Using orientation to eliminate roll in the manufacturing process, as in FIG. 6c, and location to eliminate roll in the inspection process, as in FIG. 6d, causes the four holes 36 to appear to be offset from their desired locations. Since there is no means of deciding whether the orientation or the location of the slot 34 is to be responsible for eliminating DFS roll, it is impossible to say whether the part was manufactured correctly and inspected incorrectly, or vice versa.
This ambiguity has heretofore prevented practitioners in the art from providing a formal drawing including feature control frames which unambiguously define the preferred function-of datum features. The same omission has further prevented the implementation of a CAD or other computer system which can automatically construct a DRF.
It is therefore an object of the present invention to fulfill the need which has existed heretofore in the prior art by providing a computer implemented method for unambiguously specifying and automatically constructing a Datum Reference Frame (DRF) for a machine part.
In accordance with the present invention, a formal drawing for a machine part includes a Feature Control Frame (FCF) which identifies the datum features required to construct a Datum Reference Frame (DRF) for the part, and in the case of a datum feature intended to eliminate roll about a previously fixed primary axis of the DRF, provides for a material location modifier which specifies whether the associated Datum Feature Simulator is to be fixed or free to float in a direction perpendicular to its basic axis, midplane or surface, and thus whether the orientation or the location of the datum feature should be used to eliminate roll.

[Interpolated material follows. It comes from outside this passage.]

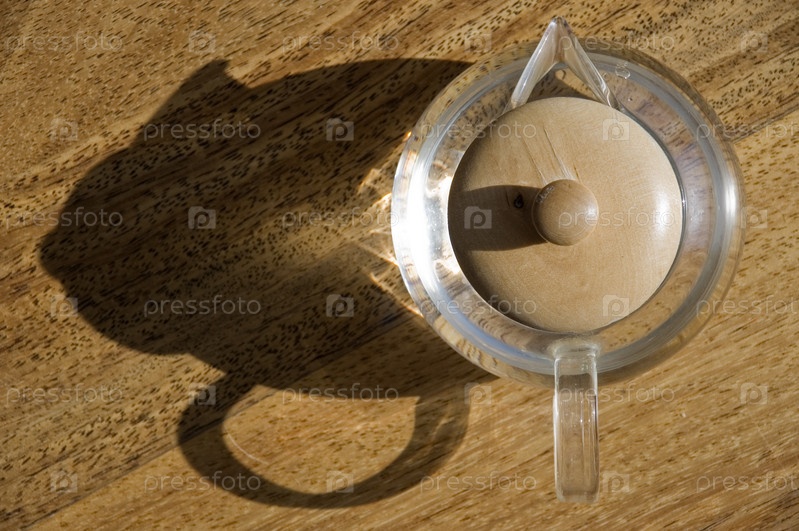 Прозрачная чашка с водой на деревянном полу. Вид сверху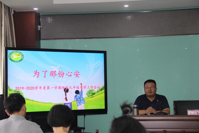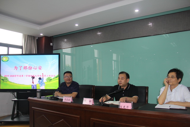 2019年9月2号下午3点20,郑陆实验学校新学期期初九年级工作会议于学校博纳楼二楼楼会议室召开。会议由沈爱国副校长主持,张林校长、陈光华副校长和九年级全体任教老师参与了本次会议。

The material location modifiers enable specification of Independent of Material Location (IML), at Basic Material Location (BML), at Maximum Material Location (MML) and at Least Material Location (LML), and thereby eliminate any possibility of misinterpretation of the formal drawing during all stages of manufacture and inspection of the part. Computer programs implementing a method of the invention include instructions (1) for assisting in the construction of rational FCFs based on selected datum features belonging to a mathematical model of a part defined in a CAD environment, and (2) for automatically constructing unambiguous DRFs in Computer Aided Tolerance Analysis (CATA), Computer Aided Manufacturing (CAM) and Computer Aided Inspection (CAI) environments in response to the dimensions, tolerances, datum feature sequence and material location modifiers listed in a FCF, using a set of specific DRF construction tools and rules.
The tools for DRF construction include ORIENT, ALIGN, PIVOT, SET ORIGIN, TRANSLATE and ROTATE, and are applied in order to sequentially eliminate pitch, yaw, roll, and three degrees of translation freedom from the DRF.
The rules for DRF construction include: RULE OF MATERIAL ORIENTATION, RULES OF MATERIAL LOCATION, RULES OF MATERIAL CONDITION, FIRST RULE OF PRECEDENCE, SECOND RULE OF PRECEDENCE, RULE OF MAXIMUM UTILIZATION, RULE OF COMPOSITE FEATURE CONTROL FRAMES, RULE OF NON-OVERRIDE, and RULE OF SIMULTANEITY.